二人絮絮叨叨寒暄了许久,仿佛回到了从前。
闲谈之间,符耀书脸上的笑意淡了下去,眉宇间多了几分迟疑。
像是有心事堵在胸口。
「大人,有件事,我憋了许久,一直不知该不该说。」
陈冬生见他神色郑重,正色问道:「你我之间不必这般拘谨,直说便是。」
「是关于陈礼章的,我总觉得……他近来有些不太对劲。」
这话一出,陈冬生心头一动,面露疑惑:「你怎么会这么觉得?」
符耀书皱着眉,仔细回想最近一两年的事情,说不出来具体的事情。
「我也说不出个具体缘由,没有什么实打实的凭据,只是觉得他变了。」
「以前,他是我们中最活泼的了,心大,看得开,整日乐呵呵的,中举之后更是意气风发,可最近一两年,终日埋头温书,整个人像是蒙了一层什么东西,也不爱笑了,像变了个人似得。」
陈冬生闻言,陷入了沉思,越想越觉得蹊跷。
这次陈氏宗族祭祀,陈礼章可是举人,是整个宗族的脸面,按情理来说,必然会到场,断然没有缺席的道理。
更何况陈礼章还在县城,距离陈家村并不远,再忙也应当抽身露面。
可陈礼章始终没出现。
当时老族长陈守渊解释,说陈礼章读书极为刻苦,终日闭门温书。
还说礼章为了迁就授课先生的时间,日夜伏案苦读,课业繁重,实在抽不出空闲,故而未能赶回村里参与祭祀。
那时陈冬生只当陈礼章一心苦读,并未往深处想。
现在经符耀书这么一说,串联起祭祀缺席,老族长开脱,陈冬生猛然察觉,这事处处透着怪异。
是啊,太不寻常了。
事出反常。
「耀书,要不这样,趁着天色还早,咱们去看看他?」
符耀书连忙应声:「好,我也好几个月没见他了。」
陈冬生现在住的地方是陈氏宗族置办的族宅。
老族长陈守渊以宗族名义,耗费族中公产,在县城购置了一处宽敞宅院,专门供陈氏族人在县城落脚,读书办事行商所用。
这也是陈氏宗族在县城立足的开端。
陈冬生自然直接住进了这处族宅。
住的这几日,没见过陈礼章。
陈冬生看向了陈放,「你去打听一下礼章住在哪?」
符耀书开口解释道:「礼章不住这儿,是另一处宅院。」
「那处宅院位置极好,就在县学不远处,清幽安静,远离市井喧嚣,最适合闭门读书静心温书,平日里极少有人打扰。」
陈冬生心想,那宅院不是族中公产,应当是老族长私下自掏银两,专门置办的产业。
陈冬生闻言,心中了然,微微颔首。
可见陈守渊对陈礼章抱了多大的期许。
父母爱子,则为之计深远
陈守渊用尽所有力气托举陈礼章,对他可谓是倾尽一切。
也难怪陈守渊这么上心,孙子们都送去读书了,唯有陈礼章是举人出身,承载着他们一家所有荣辱,肯定要紧着一切资源在他身上。
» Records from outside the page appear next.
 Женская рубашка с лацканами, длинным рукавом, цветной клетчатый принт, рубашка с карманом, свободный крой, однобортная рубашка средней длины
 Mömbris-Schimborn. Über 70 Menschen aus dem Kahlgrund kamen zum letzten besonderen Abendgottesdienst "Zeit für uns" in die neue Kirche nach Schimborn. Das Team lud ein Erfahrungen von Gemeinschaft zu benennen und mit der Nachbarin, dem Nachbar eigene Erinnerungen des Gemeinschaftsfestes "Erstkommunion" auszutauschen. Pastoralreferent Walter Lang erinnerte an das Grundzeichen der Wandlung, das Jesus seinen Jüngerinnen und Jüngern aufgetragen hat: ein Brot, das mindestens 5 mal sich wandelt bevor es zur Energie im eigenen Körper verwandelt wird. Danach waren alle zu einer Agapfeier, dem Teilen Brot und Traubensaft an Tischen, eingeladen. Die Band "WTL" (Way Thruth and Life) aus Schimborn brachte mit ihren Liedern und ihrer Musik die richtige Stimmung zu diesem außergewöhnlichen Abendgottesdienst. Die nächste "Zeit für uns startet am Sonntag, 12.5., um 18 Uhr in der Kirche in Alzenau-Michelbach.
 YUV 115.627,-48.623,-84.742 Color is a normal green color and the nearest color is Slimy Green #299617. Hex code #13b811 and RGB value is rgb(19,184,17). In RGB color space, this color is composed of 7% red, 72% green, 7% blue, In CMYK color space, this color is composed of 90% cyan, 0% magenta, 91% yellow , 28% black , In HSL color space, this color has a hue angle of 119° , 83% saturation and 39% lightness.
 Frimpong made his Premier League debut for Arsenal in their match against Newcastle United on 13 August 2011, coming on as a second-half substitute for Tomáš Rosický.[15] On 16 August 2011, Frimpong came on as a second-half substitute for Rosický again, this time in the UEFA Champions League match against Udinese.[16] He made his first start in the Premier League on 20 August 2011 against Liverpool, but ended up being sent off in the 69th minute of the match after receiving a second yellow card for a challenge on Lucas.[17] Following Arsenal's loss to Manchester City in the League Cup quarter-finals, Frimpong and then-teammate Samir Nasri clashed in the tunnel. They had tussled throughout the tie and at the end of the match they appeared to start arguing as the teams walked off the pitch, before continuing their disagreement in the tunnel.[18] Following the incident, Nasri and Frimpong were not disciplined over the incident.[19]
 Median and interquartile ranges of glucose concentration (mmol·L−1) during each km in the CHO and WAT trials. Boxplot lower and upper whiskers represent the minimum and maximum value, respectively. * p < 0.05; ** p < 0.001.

陈冬生本来只打算带着陈飞一个人,没想到陈大柱他们,说啥也得跟着,只不过远远跟在他身后。
陈冬生没有阻拦,任由他们远远跟着。
符耀书撩开轿帘,探头望向身侧骑马随行的陈冬生,眼底满是羡慕。
「还是大人这般骑马潇洒自在,速度也快,看来我也得学骑马了。」
陈冬生忍不住失笑,「县城本就不大,平日往来,坐轿足够,何必辛苦练马。」
符耀书摇了摇头,认真说道:「县城之内可以不用骑马,可回一趟符家村,骑马就快多了。」
很快,他们三人就到了符耀书说的那处宅子。
宅院在僻静街巷,远离闹市,周边皆是读书人家,确实是一处闭门苦的好地方。
对比陈氏宗族那处人来人往,这里的居住环境,确实好很多。。
看来陈守渊花了很多心思。
符耀书率先上前,走到黑漆大门前,抬手轻轻叩响了门环。
片刻之后,院内传来脚步声,大门被拉开一道缝隙,一名老仆探出头来。
这老仆是陈守渊买的,伺候陈礼章。
老仆抬眼一看是符耀书,脸上当即露出熟稔的笑,连忙躬身行礼,「原来是符举人大驾光临,老奴有礼了。」
符耀书温和说道:「劳烦您老通禀一声,就说我想见见你家公子。」
老仆闻言,脸上露出了为难之色,「符举人实在对不住,我家公子近来一心埋头苦读,日夜温书备考,课业极为繁忙,特意吩咐过,近日闭门谢客,一概不见外客。」
「若是寻常友人来访,老奴便直接代为回绝了,可您与我家公子素来交好,老奴这就进去为您通禀一声,只是公子是否愿意见客,老奴便不敢保证了,还望符举人海涵。」
符耀书便点头道:「你先进去禀报。」
老仆不敢耽搁,连忙转身回去禀报。
还把大门关上了。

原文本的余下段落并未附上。